When Alviar was studying at CalArts, they had a class on History of Graphic Design. “That class made a mark with me. What’s the history of graphic design here in the Philippines? That led to my investigation,” Alviar said.
Alviar said that the current Philippine graphic design styles are a mix of different things – American media, Spanish influence, love of Japanese culture, to name a few. But what about purely Filipino designs?
“What are the images in our history that came from the Philippines or talks about the Philippines? We need to know our history so that led to this investigation and research,” Alviar said.
He presented his findings or visual research of Philippine imagery during the adobo Design Series 2018 on March 22 at The Mind Museum.
From nature to national heroes
Aside from the popular Pintados, an obvious example of art during Philippine pre-colonial times, the Baybayin is also something one should look at, according to Alviar. Baybayin, which was inspired by the Sanskrit of Eastern form of lettering, could also tell us a lot about Philippine’s earliest designs.
For example, the symbols found on the copper plate of Laguna would show us that there are patterns related to nature. These patterns had symbols of the sun, spirit, animals like bayawak, snakes, frogs. When the Spaniards came and converted Filipinos to Christianity, the reoccurring patterns in designs had crosses, diamonds, and geometric shapes.
“The Bontoc preserved their culture and icons because the Spanish missionaries didn’t reach that level,” Alviar said, pertaining to cultural patterns that still exist in contemporary Bontoc designs.
At the turn of the 19th century, packaging of products by companies are also telling of the country’s situation. Cigarette packaging such as La Campana, Balita, Tatlong Diwata, and Kayamanan used illustrations of nature and images of national heroes such as Jose Rizal.
“These are the things we want to research more on, what are the other labels that time? So it’s a mix of typography, patterns. The style is European but the content is Filipino,” he said.
During the World Exposition Fair at St. Louis in 1904, Americans brought Filipino natives together with native huts. Alviar showed how the promotional brochures looked like for the fair, depicting Filipinos to be savages.
Back in the Philippines, the Manila Carnival, a precursor to the Bb. Pilipinas, also had some interesting promotional materials. Each poster would promote a province which would even have their own pavilion, queen, and elements of what their province is known for.
Aside from the Manila Carnival, theaters and vaudevilles were a form of entertainment in Old Manila. These theaters, such as the Manila Grand Opera House, would come out with regular posters with loud, crazy typography and layouts.

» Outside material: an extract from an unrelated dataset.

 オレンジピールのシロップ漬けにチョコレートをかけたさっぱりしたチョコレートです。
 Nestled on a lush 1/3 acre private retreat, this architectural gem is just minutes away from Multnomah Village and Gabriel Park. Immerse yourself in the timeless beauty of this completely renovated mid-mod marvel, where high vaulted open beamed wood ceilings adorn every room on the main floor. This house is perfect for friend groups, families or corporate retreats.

Advertisements and street art
Alviar showed the covers of products like Katialis and match boxes which depicted life in the provinces. The boxes had illustrations of carabaos and farmers. The same is true for tobacco print ads, which often portray Filipinos in a cultural setting. For example, a town celebrating a fiesta and people dancing tinikling.
There was a surge of materials about travel and tourism in the ‘20s, with the enhancements in air and sea travel. Most of these brochures show illustrations of Philippine landmarks. Print advertisement of hotels located in the Philippines also promote various Philippine sceneries.

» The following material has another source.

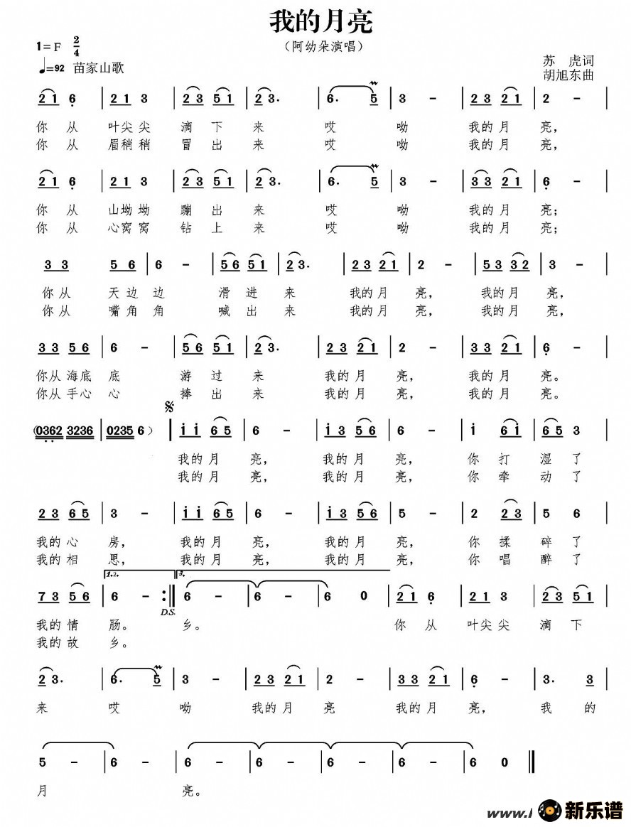 《我的月亮》最新曲谱 阿幼朵

“This is part of our continuous creation of visuals about the Philippines,” Alviar said about these.
When looking at these promotional materials and product packaging, Alviar said that they had some things in common.

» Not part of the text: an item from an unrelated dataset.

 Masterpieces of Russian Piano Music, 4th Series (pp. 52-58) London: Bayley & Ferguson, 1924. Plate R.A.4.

“We noticed a certain typeface or look that was consistent that time. When you say Philippines, especially with Philippine culture materials, this Sulu-like [font] with shapes of Sarimanok [are some of the things] we see in different materials,” he said.
After the war, graphic illustrators had a lot of options for employment. From drawing advertising materials, they can also illustrate for magazine of comics. In fact, some of our National Artists such as Fernando Amorsolo started out as illustrators for magazines like Liwayway, Alviar said.
On the other hand, Malang, another esteemed artist, started out as an illustrator who depicted the streets of Manila. Alviar pointed out that the layering of the city is evident in his style.
The streets of Manila is another overlooked venue to study Philippine art, according to Alviar. The dying art of hand drawn movie poster billboards, signages of tarot card readings in front of Quiapo, and shirts with inscriptions of anting antings are just some or the urban art that will soon be part of the country’s narrative.
“So where do we go from here? What we have now so we can create our future,” Alviar said.
“Hopefully we turn this to something we can pass on to our students. Hopefully there will be more materials talking about the rich history of graphic designs.”